在場所有的工作人員都看著寧縱把林晝拉了出去,高大的Alpha始終沒有放開手,路過彆人旁邊的時候,麵色都沒有波動。
寧縱根本不在意彆的東西,他現在心裡隻有林晝。
剛走到僻靜的角落,寧縱就倏地轉身,他向前幾步,長臂勾住林晝,往他身前一攬。
寧縱俯身,手緊緊地覆在林晝的身上,極為親密的姿勢,兩人的氣息瞬間纏繞在一起。
林晝愣住,他哥抱他乾什麼?
寧縱單手抱住林晝,他抬起另一隻手,一下一下極輕地撫過林晝的脊背,沒有任何曖昧之意,隻是安撫。
光線裡,Alpha的聲線沉沉。
“你在想我出國離開四年的事情?”林晝頓了幾秒,聲音有些輕。
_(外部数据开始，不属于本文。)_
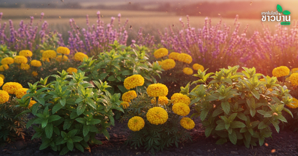 ดาวเรืองมีดอกสีส้ม–เหลืองสวยสด มีกลิ่นที่แมลงวันและยุงไม่ชอบ เหมาะสำหรับวางใกล้ประตูหรือหน้าต่าง ปลูกง่าย ทนแดด และยังช่วยปกป้องพืชอื่นในสวนจากศัตรูพืชได้ด้วย
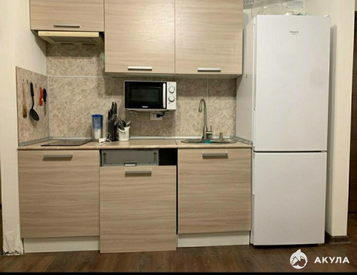 Полностью оборудованная кухня: холодильник, плита с 4 конфорками, духовка, микроволновка, электрический чайник, небольшой набор посуды.
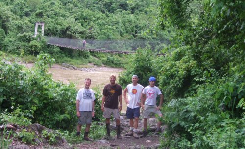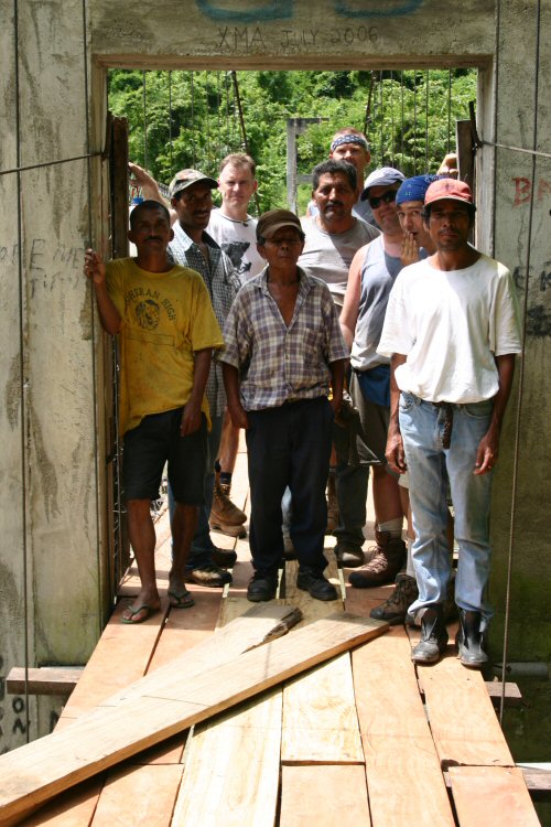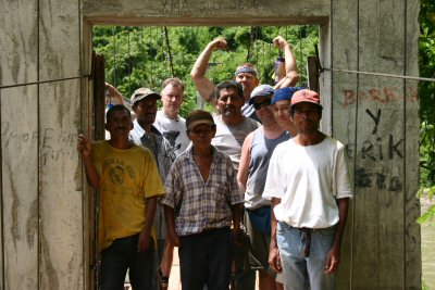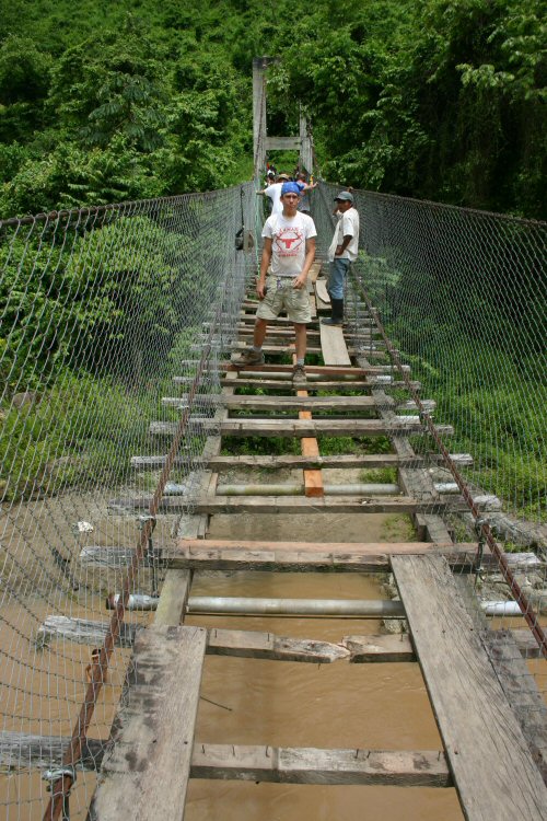 Near the village of La Balsa in Honduras, we rebuilt a 250 feet long suspension bridge that was in very bad shape. This bridge is the only way kids could cross the river to get to their school on the other side. It also connects two parts of the village where XMA had built a church the previous year.
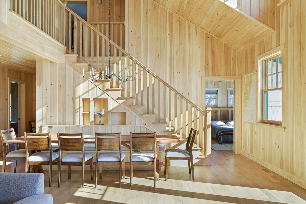 “The home is mostly one story, with a small second floor that features an additional bedroom, bathroom, loft, and small study. The interior was built with knotty pine from a vendor in Maine. The stairs were originally going to be pine, but we switched to white oak so they’d be more durable. The flooring is also white oak, milled in Pennsylvania from a company owned by an Amish family. Everything is very simple—nothing is overdone—and we added only a small amount of trim where needed.
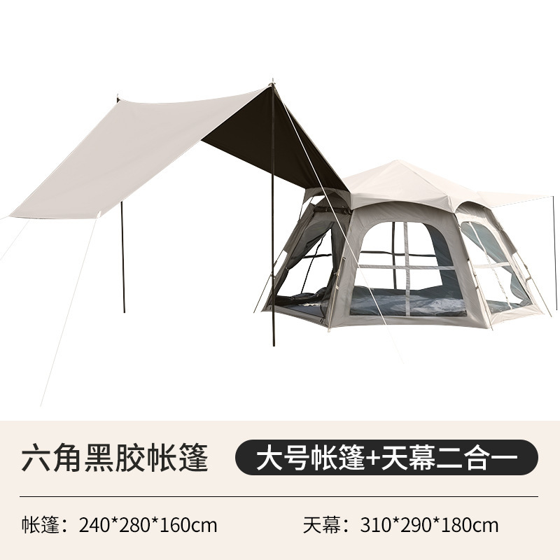 텐트 야외 3-4 완전 자동 캠핑 접이식 편리한 캐노피 1 검은 고무 육각형 장비 도매스토어 가기

“嗯。”
“把我離開的事情,和戲裡邊崖讓顧彆離開的戲份混淆了?”
“嗯。”
寧縱聲線低低的:“入戲是好事,但你現在入戲太深了,我需要你走出來,能答應我嗎?”
林晝沉默了幾秒,深吸了一口氣:“能。”
他也意識到了,他現在狀態不對,如果不從過去走出來,後麵的戲份沒法再拍。
冬季已過,初春的空氣卻仍有些冷,光線靜謐萬分,浮沉的光點在陽光裡跳躍旋轉,最後又緩慢地沉寂下來。
僻靜裡,寧縱仍擁著林晝。
他開了口:“哥哥昨天是不是告訴過你,殺青宴之後會告訴你所有的事情。”
林晝心想,寧縱確實這麼說過,他也做好了準備,隻不過是他被困在回憶裡,明明事情和以前發展得完全不同,他應該往前看。
驀地,寧縱似是輕輕地笑了:“阿晝,你不是已經和哥哥做好約定了嗎?”
兩人離得很近,那聲低笑就像敲在林晝的心裡一樣,隱隱的癢。
“既然做好約定了……”
寧縱忽然直起了身子,他的手覆在林晝的肩上,俯身看著林晝,他極輕地吐出幾個字,每個字都是他的承諾。
“哥哥就絕對不會食言。”
林晝的心莫名一顫。
他看著寧縱,還是那張疏冷的麵容,此時,光線卻在他哥的唇角蜿蜒出了細致的笑。
他聽到了寧縱溫柔的,近乎安撫的嗓音,近得仿佛貼在他的耳側。
“阿晝,你不相信我嗎?”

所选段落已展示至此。